Всё так же не экономили воду. Капли падали в ржавую чашу раковины с громким стуком, отмеряя секунды моего одинокого теперь времени.
Болел долго, но так вовремя выздоровел. Обрил голову. А на макушке ему нарисовали красное пятно. Едва ли он сам додумался до этого…
Не его это было, не его.
Но ушёл, хорошо, хорошо… Я смеюсь. Спокойное счастье.
Он оставил часы. Под подушкой. Должно быть, теперь они мои. Не знаю, почему я решил, что имею право на какую-то часть наследства Карлика, быть может, на всё его наследство, состоящее, наверное, только из этих вот часов.
Мог бы я с уверенностью сказать, что иных вещей у Карлика не было, и едва ли мог он хоть что-нибудь скопить за не слишком долгую жизнь свою, половину которой провёл в местах невесёлых и скудных. К тому же, он говорил, что во всех клиниках, лечебницах, больницах и приютах его непременно обыскивали как минимум раз в три дня, и редко когда давали ему хотя бы полку в общем шкафу для свёртка с полотенцами, завёрнутыми в газету матерчатыми тапочками, куском мыла и прочим казённым больничным скарбом, что иногда удавалось Карлику выпросить у сестры-хозяйки и удавалось же за полдня неведомым образом потерять (возможно, именно поэтому врачи и завхозы не спешили выделять место на полке, зная точно, что Карлик — хозяин не рачительный)..
Он ничего не собрал и не пытался собирать. Терял и жил налегке. А сохранил… Только часы.
Однажды кто-то (забыл кто, забыл, когда это было и при каких обстоятельствах), что часы могут остановиться после смерти хозяина. Но только в том случае, если владелец носил их долго, много лет, практически не снимая, срастаясь с ними кожей, приучая их только лишь к своему пульсу, синей ветке на запястье.

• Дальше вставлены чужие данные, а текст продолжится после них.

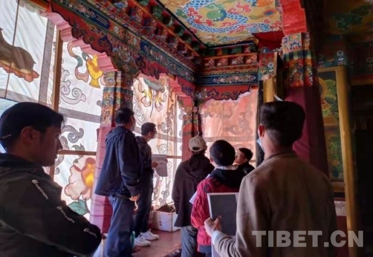 圖為2021年,西藏民族大學(xué)實(shí)習(xí)生參與檢查杰拉康寺木構(gòu)建筑的破損程度,并對(duì)設(shè)計(jì)方案提出意見
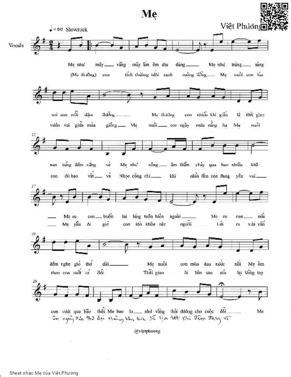 Việt Phương Mẹ như mây vầng mây ấm êm dịu dàng [PDF] [Sheet] [Lời H.A] [Mp4/Midi]
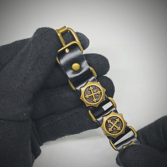 Meet the CRUSADER GEAR 20mm Black Genuine Leather Adjustable Bracelet for Men & Boys (8.8 inch). Crafted for daily wear, this rugged yet refined accessory blends a bold black leather strap with brass-tone hardware to deliver a timeless, masculine look that pairs perfectly with casual and smart-casual outfits alike. The 8.8-inch length is designed to be easily adjustable, ensuring a secure, comfortable fit for a wide range of wrists.
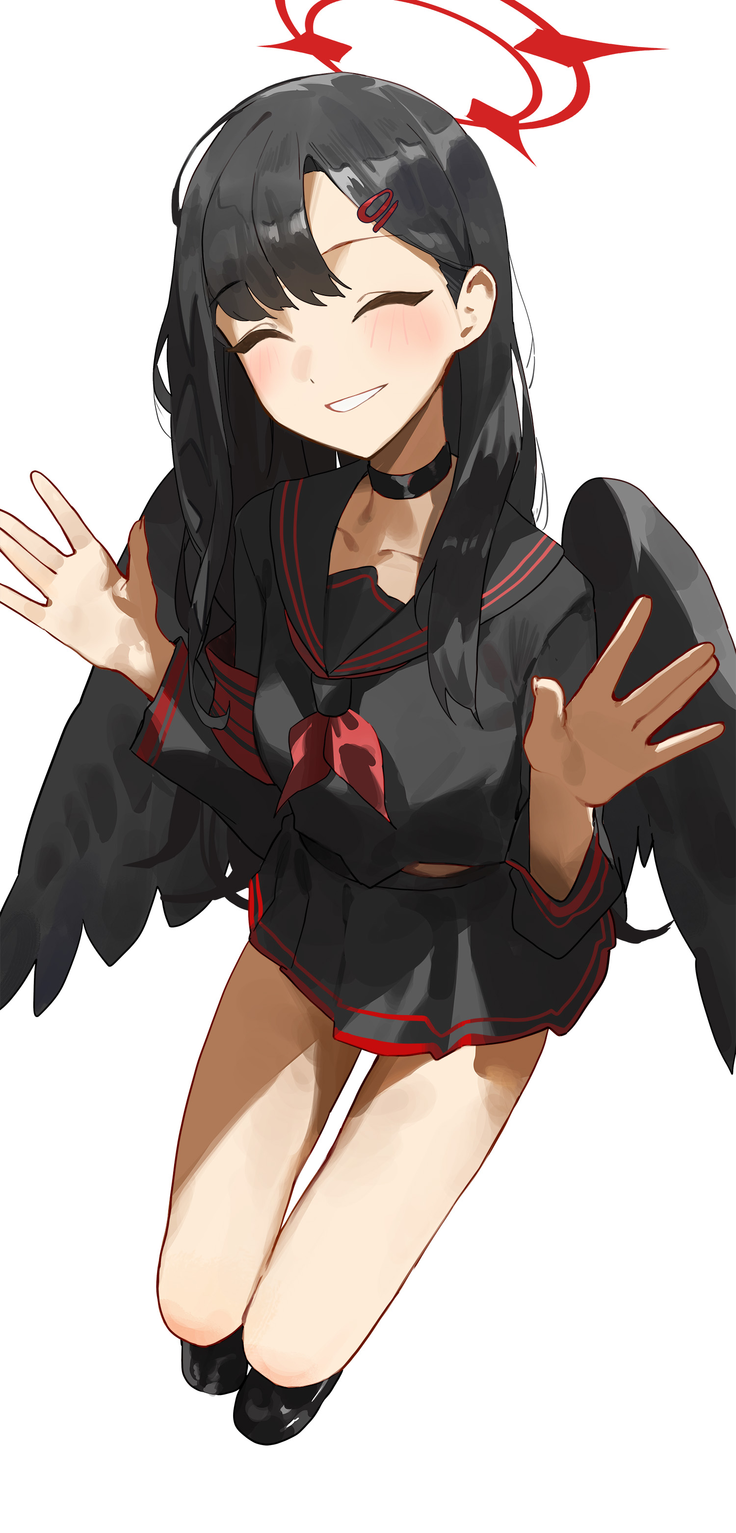 1girl absurdres black_choker black_hair black_serafuku black_wings blue_archive blush choker closed_eyes hair_ornament hairclip halo highres ichika_(blue_archive) kji_(rozo) long_hair long_sleeves neckerchief red_halo red_neckerchief school_uniform serafuku skirt smile solo wings

И вот рано или поздно (говорят, что не так уж много времени для этого требуется) наступает момент, когда прирученные, к одному существу в мире приученные часы, начинают идти в унисон с ритмом биения крови своего хозяина.
И умирают они, как только перестают слышать этот привычный, ритмично вздувающий жилки под кожей руки ток крови.
Захваченный странным и необоримым желанием проверить это утверждение, я подошёл к койке Карлика (не мог даже самому себе сказать — «бывшей») и засунул руку под подушку.
Нащупав часы, я достал их и, подойдя к столу, ближе к свету по-вечернему тусклой, сонной лампы, поднёс блеснувший циферблат под еле пробивающийся сквозь пропылённый воздух камеры серый луч, и увидел под перечёркнутым трещиной стёклом тонкий усик бегущей по вечному своему кругу секундной стрелки.
«Они живы…»
В первую минуту после этого чувствовал я некоторое разочарование, словно часы обманули меня, отказавшись умереть вместе с Карликом и остановка их не стала подтверждением услышанной мной когда-то легенды.
Но тут же нашёл я подходящее объяснение такому странному продолжению их жизни:
«Он же их почти не носил!»
Он их не одевал, носил при себе крайне редко, разве что во время переездов из одной лечебницы в другую, что, даже при всей непредсказуемости и неустроенности его жизни, случалось не так уж часто. Прикасался к ним раз в два-три дня, поскольку за временем обычно не следил, и ходом его интересовался только по случаю (например, если, по его мнению, обед запаздывал или лампу камерную выключали не в срок, не в полночь).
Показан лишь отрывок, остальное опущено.